- [WORK TO BE COMPLETED]: Please output the data exactly, minus pictures.

- [DATA IN THIS EXERCISE]:
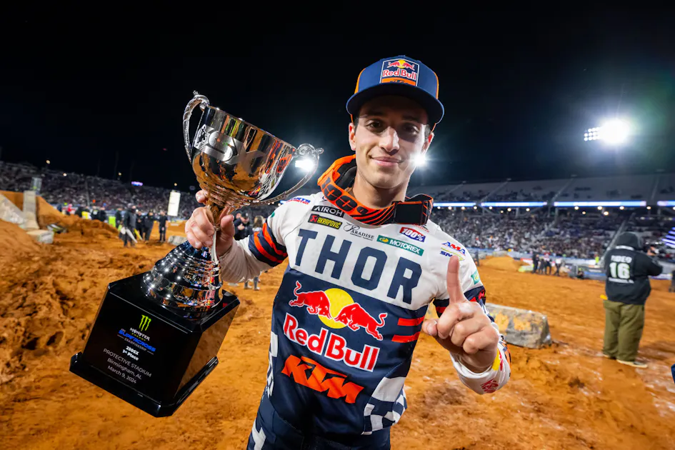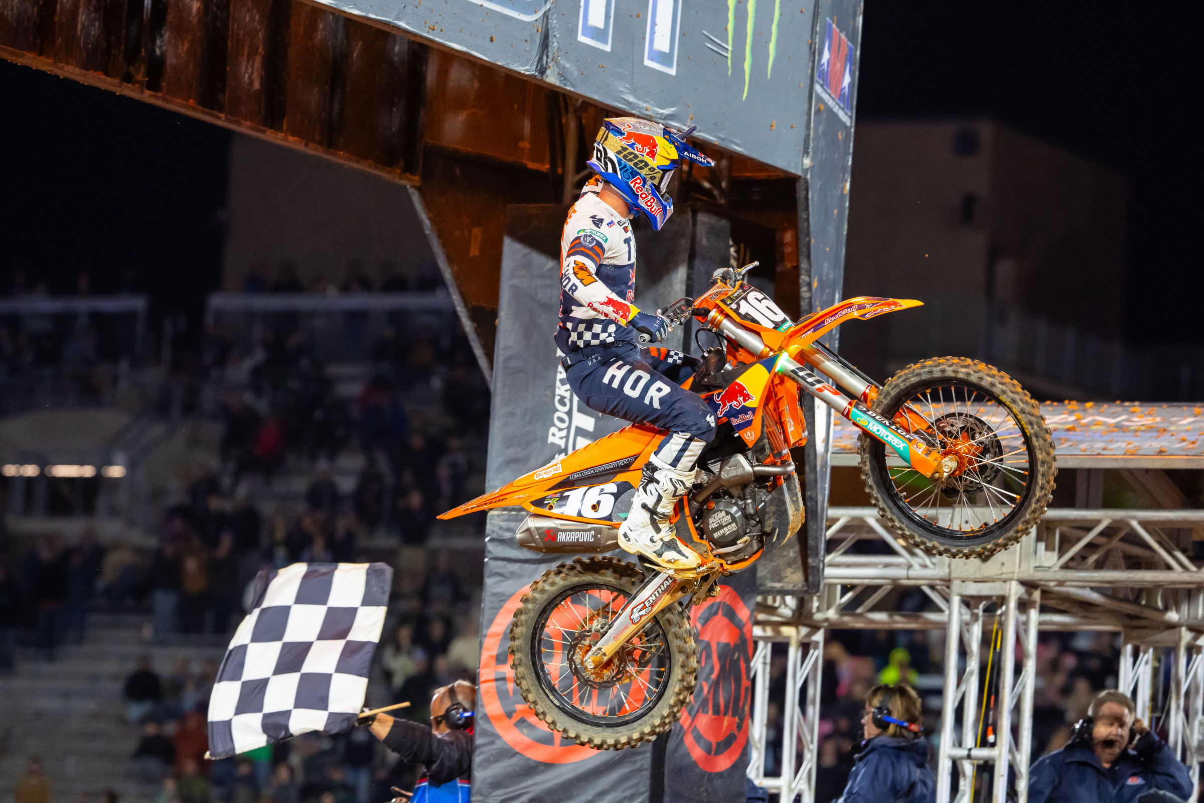 “I mean, the first supercross [win] is always nice, but I mean, Daytona is kind of a different supercross track. It's a little bit like kind of outdoor style,” he said in the post-race press conference. “And I really wanted to win on let's say, a normal supercross track and today was back in the stadium. The track, even if it was a little bit wet in the afternoon, by the night the track was pretty great, and I felt great. I actually won my first ever heat race and then I grabbed the win [in the main] after I had a great start, just lead every lap. The last few weeks, I feel better on the bike, and I actually had a great winter.”
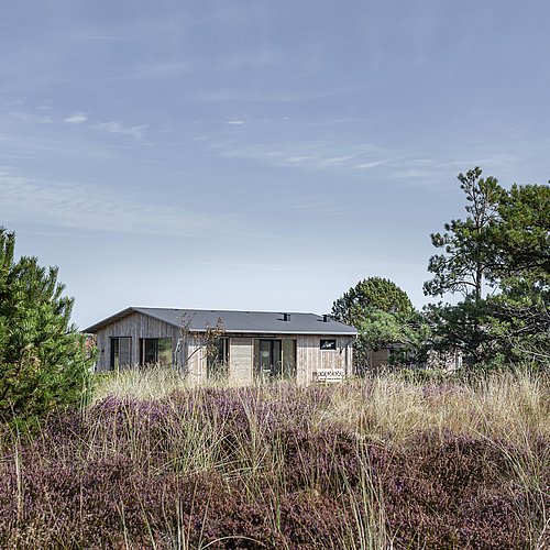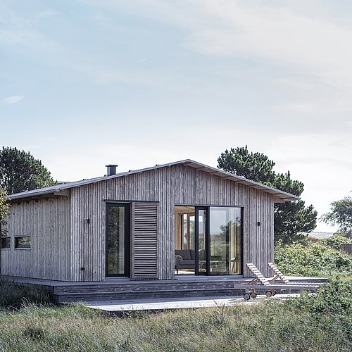Sommerhuset ligger på kanten af by og hede landskab – en unik beliggenhed og det stod færdig i sommeren 2025 – klar til indflytning. Med et bruttoareal på 54 m2 kan det nærmest kaldes et Tiny House, men det rummer, til trods for den ydmyge størrelse, alle funktioner til en familie med store børn.
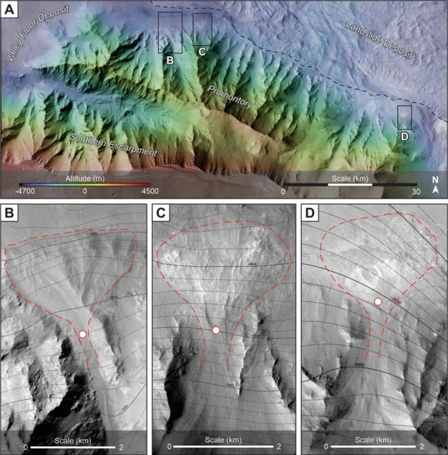 Meanwhile, University of Bern researchers discovered river deltas in Valles Marineris—the Solar System’s largest canyon—that mark where rivers once emptied into a vast ocean covering half of Mars about 3 billion years ago. Using high resolution images from ExoMars Trace Gas Orbiter, Mars Express, and Mars Reconnaissance Orbiter, the team identified three fan shaped sediment deposits, matching the geometry of Earth’s river deltas perfectly. The structures that were able identified in the images clearly appear to be at the mouth of a river as it empties into an ocean. That ocean was at least as large as Earth’s Arctic Ocean, and since Mars is roughly half Earth’s width, it covered an enormous fraction of the planet’s northern hemisphere. Similar delta deposits have been found elsewhere on Mars, all lining up along the same elevation band stretching hundreds of kilometers—essentially tracing an ancient Martian shoreline.
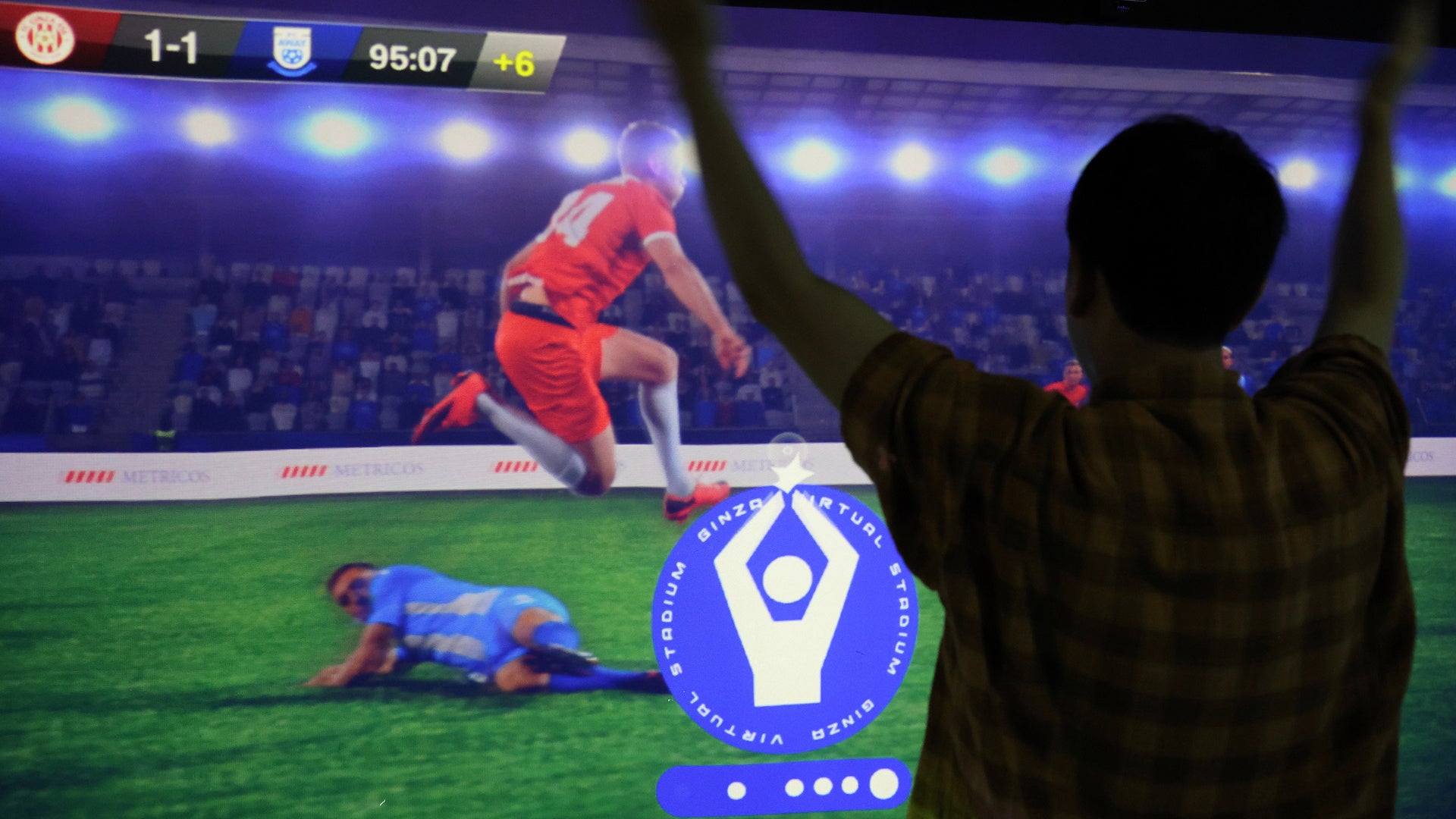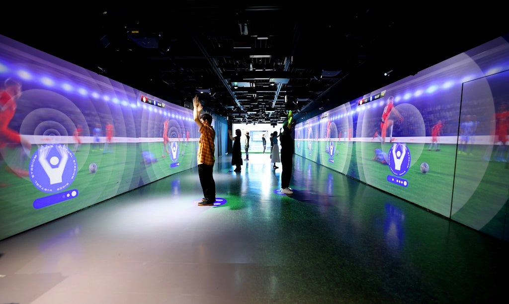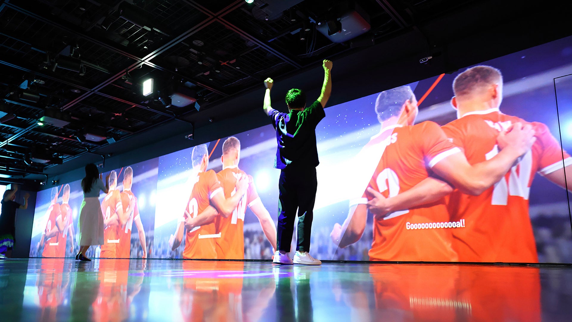 壁3面と床1面が映像に囲まれた、サッカー選手と同じフィールドに立っているようなイマーシブ空間で、身体を動かすと選手への応援の熱量がエフェクトとして映し出される、“新感覚のサッカー応援インタラクティブ体験”が楽しめます。
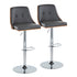 Gianna - Mid-Century Modern Adjustable Barstool With Swivel With Oval Footrest (Set of 2) - Chrome / Walnut / Gray
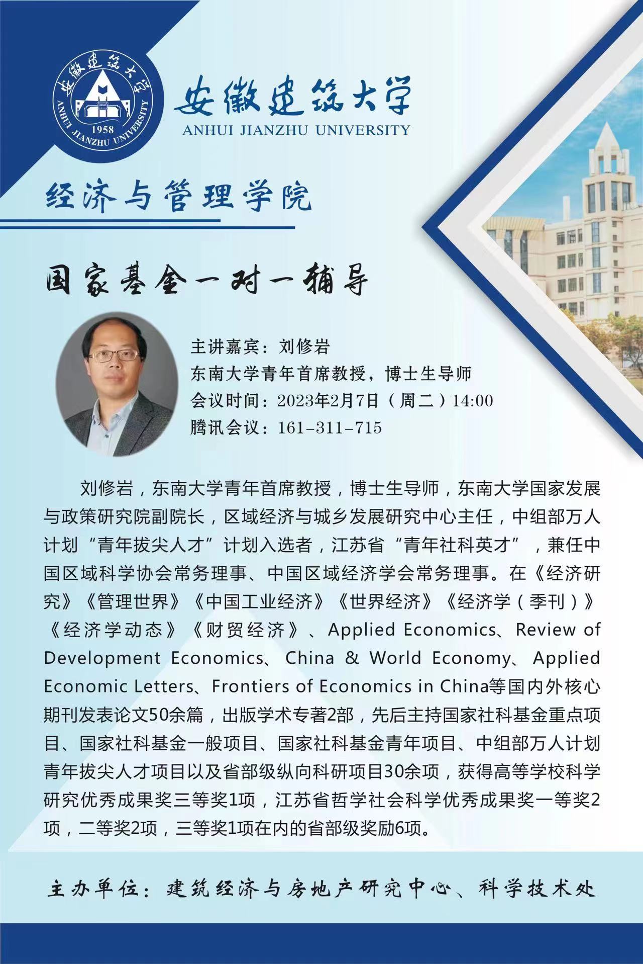2023年第7场学术报告:经济与管理学院:国家基金一对一辅导
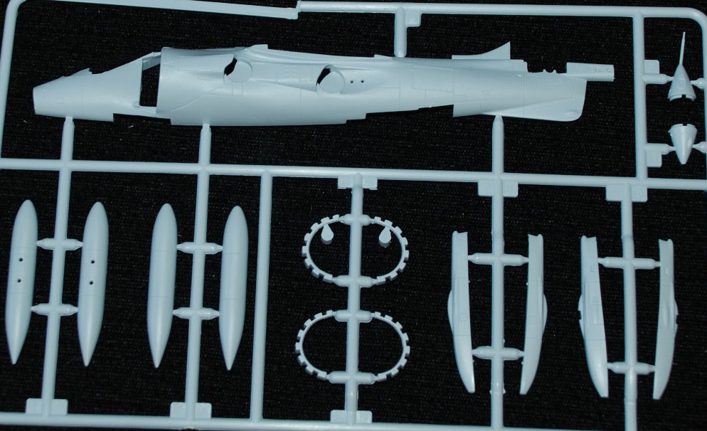The intake doors come open or closed for in-flight and ‘parked’ fit but one of the nicest moulded parts is the Pegasus engine fan blade insert – very finely moulded. You get some nice stores with this model like the Matra rocket pods and twin 30mm Aden gun pods beneath the fuselage.
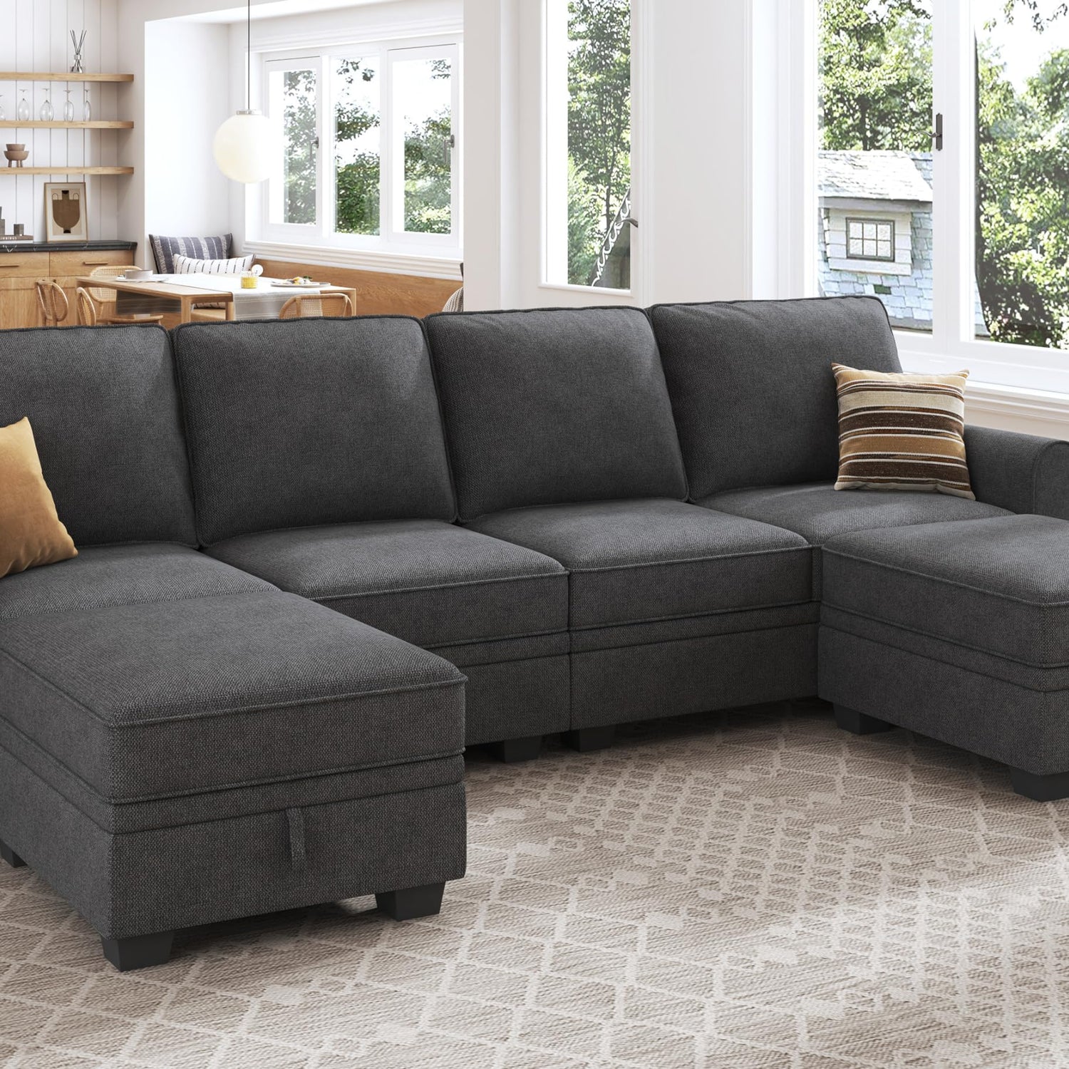 HONBAY Sectional Sofa with Storage Seat U Shaped Sectional Couch with Reversible Chaise Convertible Sectional Couch for Living Room,Dark Grey
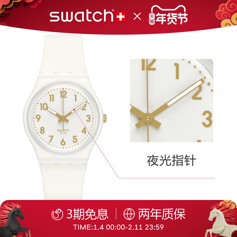 Swatch斯沃琪瑞士手表经典简约白色初高中学生腕表考试新年礼物
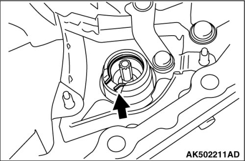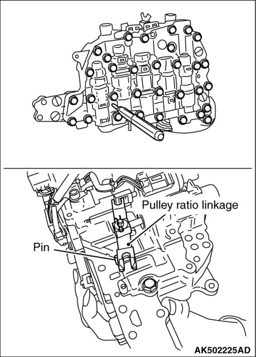 (1) Insert pins etc. (dia. 3 mm (0.12 in)) into linkage stopper holes of the control valve assembly to fix the pulley ratio linkage.
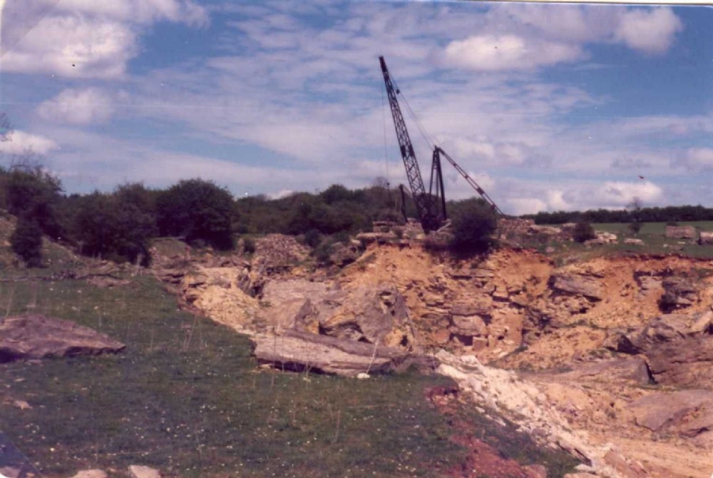 Crane at Taynton Quarries, 1979. Not in use at the time.
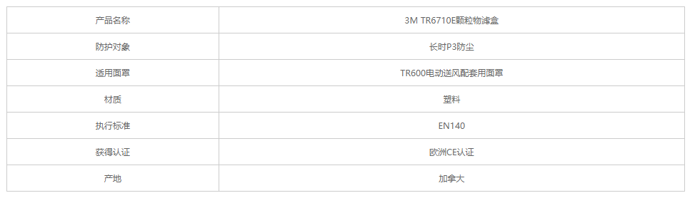 產(chǎn)品名稱:3M TR6710E 顆粒物濾盒
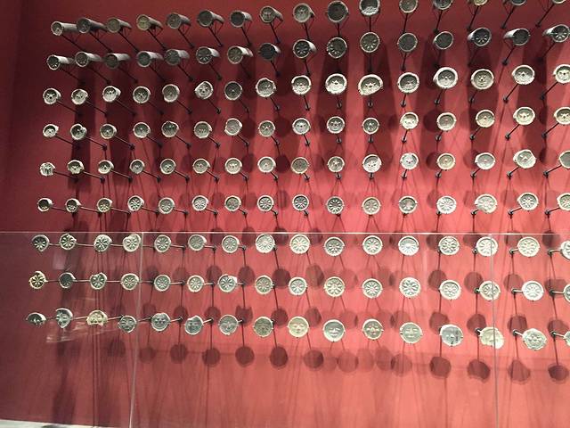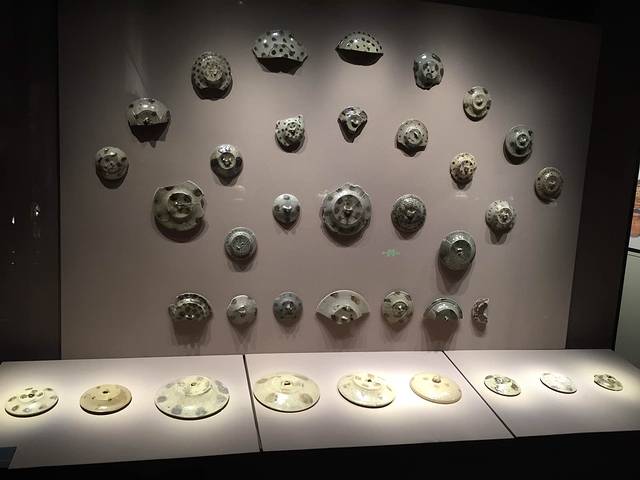有人知道这个是什么吗?--“瓦当”。 六朝的“人面瓦当”是这个时候兴起,以前只有兽面和莲花图案,最下面一排就是人面瓦当了,所以六朝博物馆也以这个图案作为logo
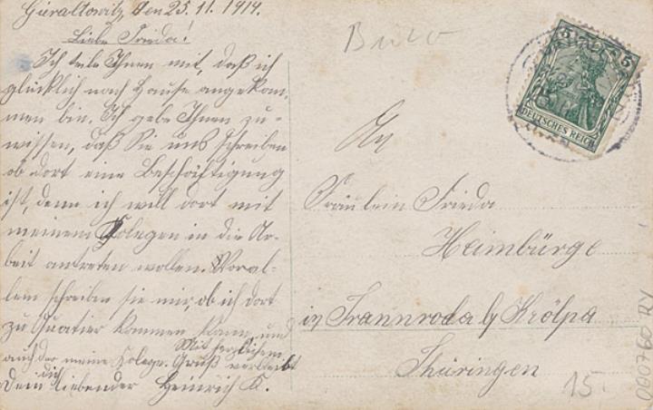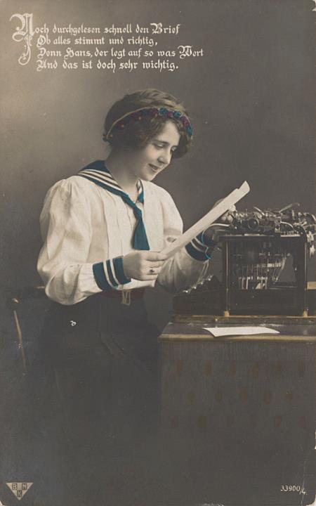 Illustrierte Postkarte; Fotografie, koloriert; Serie BNK 33900/4 Rückseite: Frau/Sekretärin mit Schreibmaschine, darüber Text in Versform Vorderseite: beschrieben, datiert 25.11.1914(?); adressiert an Fräulein Heimbürge, Trannroda; Briefmarke Deutsches Reich 5 Pf:; Poststempel unleserlich
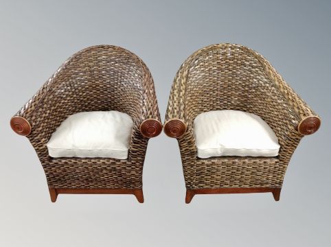 A pair of wicker conservatory armchairs
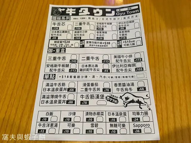 看看餐牌,食物分三大類,分別是鐵板系列、御.重盒和單點,單點類有丼飯、烏冬和漢堡。
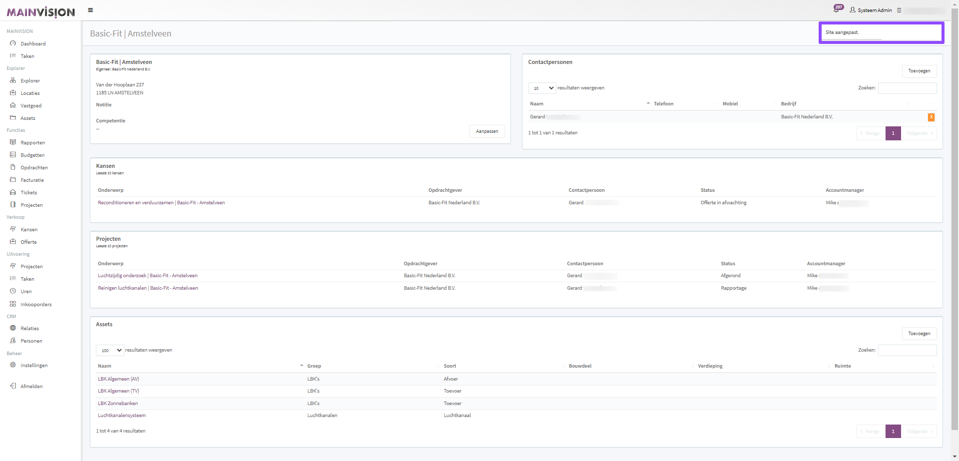 De locatie is aangepast en de overzichtspagina van de locatie wordt weer geopend.

- [SOLUTION]:
 “I mean, the first supercross [win] is always nice, but I mean, Daytona is kind of a different supercross track. It's a little bit like kind of outdoor style,” he said in the post-race press conference. “And I really wanted to win on let's say, a normal supercross track and today was back in the stadium. The track, even if it was a little bit wet in the afternoon, by the night the track was pretty great, and I felt great. I actually won my first ever heat race and then I grabbed the win [in the main] after I had a great start, just lead every lap. The last few weeks, I feel better on the bike, and I actually had a great winter.”
Sommerhuset ligger på kanten af by og hede landskab – en unik beliggenhed og det stod færdig i sommeren 2025 – klar til indflytning. Med et bruttoareal på 54 m2 kan det nærmest kaldes et Tiny House, men det rummer, til trods for den ydmyge størrelse, alle funktioner til en familie med store børn.
 Meanwhile, University of Bern researchers discovered river deltas in Valles Marineris—the Solar System’s largest canyon—that mark where rivers once emptied into a vast ocean covering half of Mars about 3 billion years ago. Using high resolution images from ExoMars Trace Gas Orbiter, Mars Express, and Mars Reconnaissance Orbiter, the team identified three fan shaped sediment deposits, matching the geometry of Earth’s river deltas perfectly. The structures that were able identified in the images clearly appear to be at the mouth of a river as it empties into an ocean. That ocean was at least as large as Earth’s Arctic Ocean, and since Mars is roughly half Earth’s width, it covered an enormous fraction of the planet’s northern hemisphere. Similar delta deposits have been found elsewhere on Mars, all lining up along the same elevation band stretching hundreds of kilometers—essentially tracing an ancient Martian shoreline.
 壁3面と床1面が映像に囲まれた、サッカー選手と同じフィールドに立っているようなイマーシブ空間で、身体を動かすと選手への応援の熱量がエフェクトとして映し出される、“新感覚のサッカー応援インタラクティブ体験”が楽しめます。
 Gianna - Mid-Century Modern Adjustable Barstool With Swivel With Oval Footrest (Set of 2) - Chrome / Walnut / Gray
2023年第7场学术报告:经济与管理学院:国家基金一对一辅导
The intake doors come open or closed for in-flight and ‘parked’ fit but one of the nicest moulded parts is the Pegasus engine fan blade insert – very finely moulded. You get some nice stores with this model like the Matra rocket pods and twin 30mm Aden gun pods beneath the fuselage.
 HONBAY Sectional Sofa with Storage Seat U Shaped Sectional Couch with Reversible Chaise Convertible Sectional Couch for Living Room,Dark Grey
 Swatch斯沃琪瑞士手表经典简约白色初高中学生腕表考试新年礼物
 (1) Insert pins etc. (dia. 3 mm (0.12 in)) into linkage stopper holes of the control valve assembly to fix the pulley ratio linkage.
 Crane at Taynton Quarries, 1979. Not in use at the time.
 產(chǎn)品名稱:3M TR6710E 顆粒物濾盒
有人知道这个是什么吗?--“瓦当”。 六朝的“人面瓦当”是这个时候兴起,以前只有兽面和莲花图案,最下面一排就是人面瓦当了,所以六朝博物馆也以这个图案作为logo
 Illustrierte Postkarte; Fotografie, koloriert; Serie BNK 33900/4 Rückseite: Frau/Sekretärin mit Schreibmaschine, darüber Text in Versform Vorderseite: beschrieben, datiert 25.11.1914(?); adressiert an Fräulein Heimbürge, Trannroda; Briefmarke Deutsches Reich 5 Pf:; Poststempel unleserlich
 A pair of wicker conservatory armchairs
 看看餐牌,食物分三大類,分別是鐵板系列、御.重盒和單點,單點類有丼飯、烏冬和漢堡。
 De locatie is aangepast en de overzichtspagina van de locatie wordt weer geopend.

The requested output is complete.